» **Requirement**
Could you repeat the records below exactly, leaving out any pictures?

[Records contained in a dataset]
------------------------------------------------------------------------

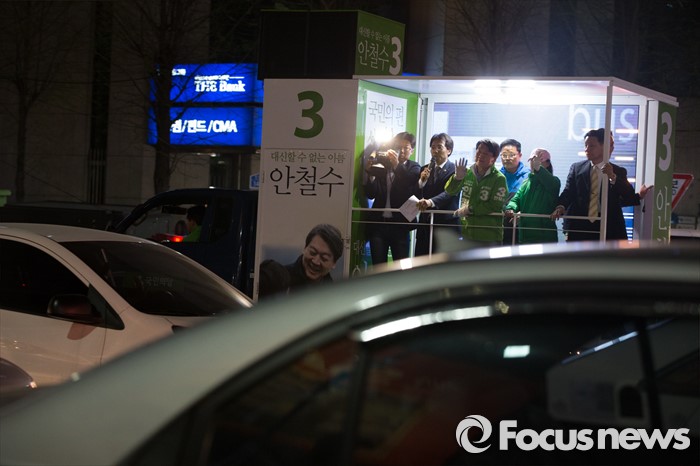 (서울=포커스뉴스) 4.13총선을 하루 앞둔 12일 오후 서울 노원구 롯데백화점 정문 앞에서 안철수 국민의당 상임공동대표가 막바지 선거 유세를 마친 뒤 유세차량을 타고 이동하고 있다.
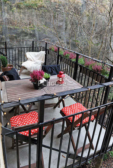 最后我们看一下小阳台:具有怀旧感的简单桌椅配套,几棵悬空在外的植物,虽然不比大阳台的宽敞,倒也别致。
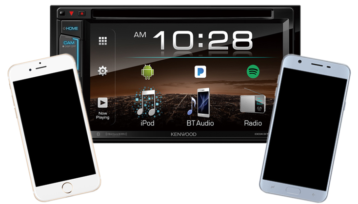 Connect your iPhone or Android device to access and control the most popular music application sources. Simply install the Spotify, Pandora, and/or iHeartAuto apps on your device, then connect iPhone (USB or Bluetooth) or Android (Bluetooth only) to enjoy music playback.
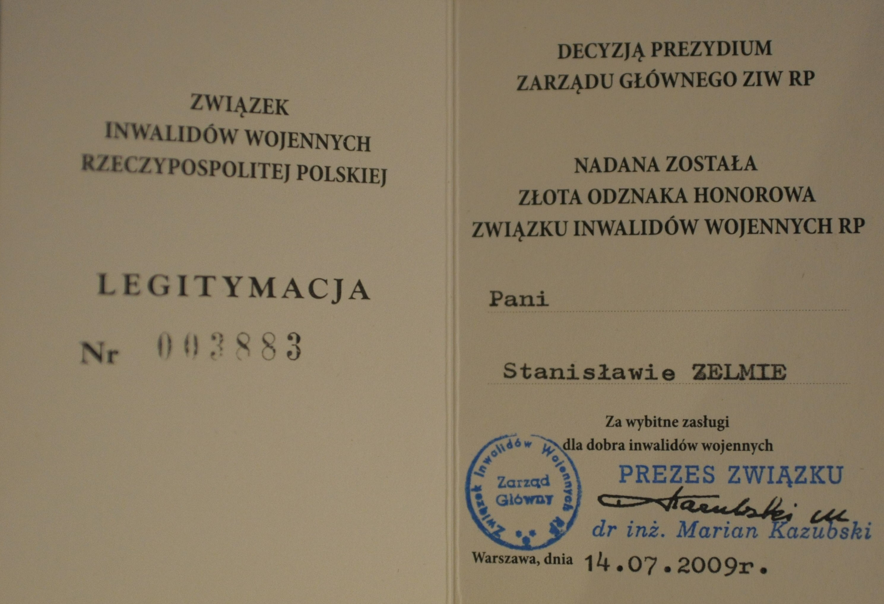 Legitymacja Złotej Odznaki Honorowej Związku Inwalidów Wojennych RP, Warszawa 14.07.2009
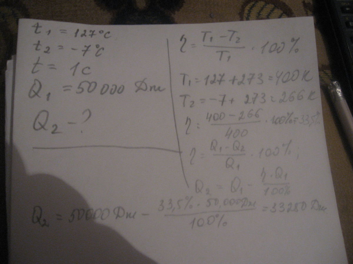 Температура нагревания идеального теплового двигателя 127 С, а холодильника - 7 С. Какое количество теплоты отдается холодильнику за 1 сек, если двигатель ежесекундно получает от нагревателя 50 кДж энергии.
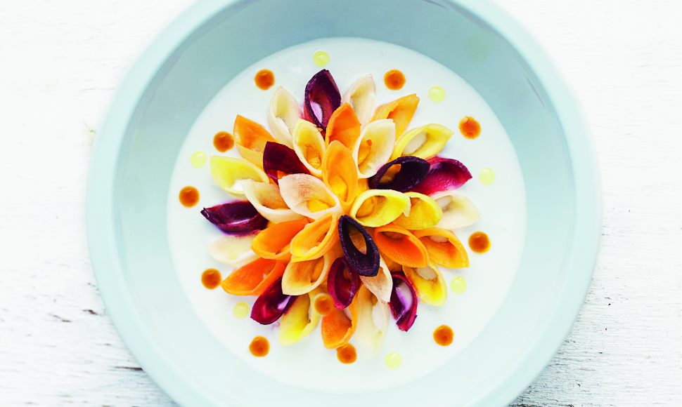 "Tout comme la betterave, la carotte fait naître en moi une curiosité, un intérêt particulier et m’offre un véritable challenge d’accords de saveurs. Si simple, si jolie, que de promesses en termes de présentation aussi ! Le croquant de la carotte crue et légèrement vinaigrée associé au yaourt parfumé à la fleur d’oranger et au poivre de Voatsiperifery apporte une combinaison de saveurs et de textures suave et sophistiquée. Le côté « faussement gras » du yaourt confère à la carotte son velouté, le poivre prolongeant les effets de la fleur d’oranger, flatteuse et rassurante."
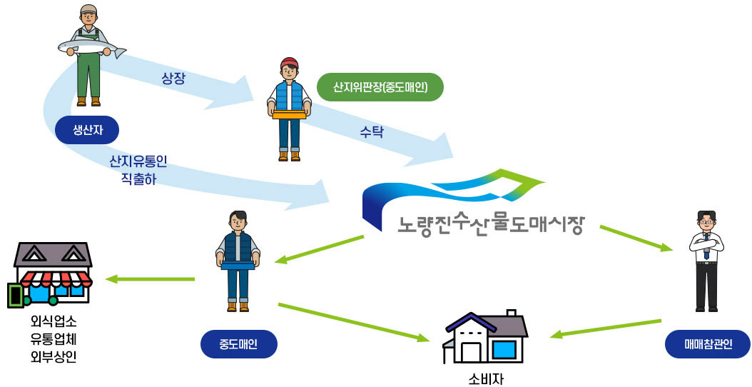 노량진수산시장은 수산물 유통업계의 혁신을 주도하고 생산자와 소비자를 함께 보호하는 법정 도매시장으로, 생산자에게는 수취가격을 높이고 소비자에게는 저렴한 가격으로 품질 좋은 먹거리를 공급하여, 수산물의 안정적인 수급과 소비자 물가안정에 기여하고 있습니다.

------------------------------------------------------------------------

» **Exercise result**
 (서울=포커스뉴스) 4.13총선을 하루 앞둔 12일 오후 서울 노원구 롯데백화점 정문 앞에서 안철수 국민의당 상임공동대표가 막바지 선거 유세를 마친 뒤 유세차량을 타고 이동하고 있다.
 最后我们看一下小阳台:具有怀旧感的简单桌椅配套,几棵悬空在外的植物,虽然不比大阳台的宽敞,倒也别致。
 Connect your iPhone or Android device to access and control the most popular music application sources. Simply install the Spotify, Pandora, and/or iHeartAuto apps on your device, then connect iPhone (USB or Bluetooth) or Android (Bluetooth only) to enjoy music playback.
 Legitymacja Złotej Odznaki Honorowej Związku Inwalidów Wojennych RP, Warszawa 14.07.2009
 Температура нагревания идеального теплового двигателя 127 С, а холодильника - 7 С. Какое количество теплоты отдается холодильнику за 1 сек, если двигатель ежесекундно получает от нагревателя 50 кДж энергии.
 "Tout comme la betterave, la carotte fait naître en moi une curiosité, un intérêt particulier et m’offre un véritable challenge d’accords de saveurs. Si simple, si jolie, que de promesses en termes de présentation aussi ! Le croquant de la carotte crue et légèrement vinaigrée associé au yaourt parfumé à la fleur d’oranger et au poivre de Voatsiperifery apporte une combinaison de saveurs et de textures suave et sophistiquée. Le côté « faussement gras » du yaourt confère à la carotte son velouté, le poivre prolongeant les effets de la fleur d’oranger, flatteuse et rassurante."
 노량진수산시장은 수산물 유통업계의 혁신을 주도하고 생산자와 소비자를 함께 보호하는 법정 도매시장으로, 생산자에게는 수취가격을 높이고 소비자에게는 저렴한 가격으로 품질 좋은 먹거리를 공급하여, 수산물의 안정적인 수급과 소비자 물가안정에 기여하고 있습니다.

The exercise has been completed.